╭─ DATASET EXCERPT

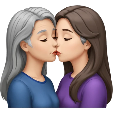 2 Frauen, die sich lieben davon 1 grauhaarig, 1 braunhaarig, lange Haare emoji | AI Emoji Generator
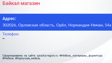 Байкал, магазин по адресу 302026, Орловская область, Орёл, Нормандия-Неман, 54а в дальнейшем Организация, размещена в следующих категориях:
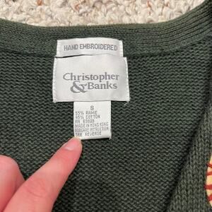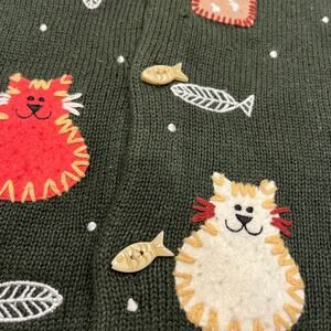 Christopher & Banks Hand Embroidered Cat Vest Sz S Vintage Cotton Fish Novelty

╰─

[WHAT YOU SHOULD DO]: Once the pictures are dropped, repeat the data above exactly.

[TASK OUTPUT]:
 2 Frauen, die sich lieben davon 1 grauhaarig, 1 braunhaarig, lange Haare emoji | AI Emoji Generator
 Байкал, магазин по адресу 302026, Орловская область, Орёл, Нормандия-Неман, 54а в дальнейшем Организация, размещена в следующих категориях:
 Christopher & Banks Hand Embroidered Cat Vest Sz S Vintage Cotton Fish Novelty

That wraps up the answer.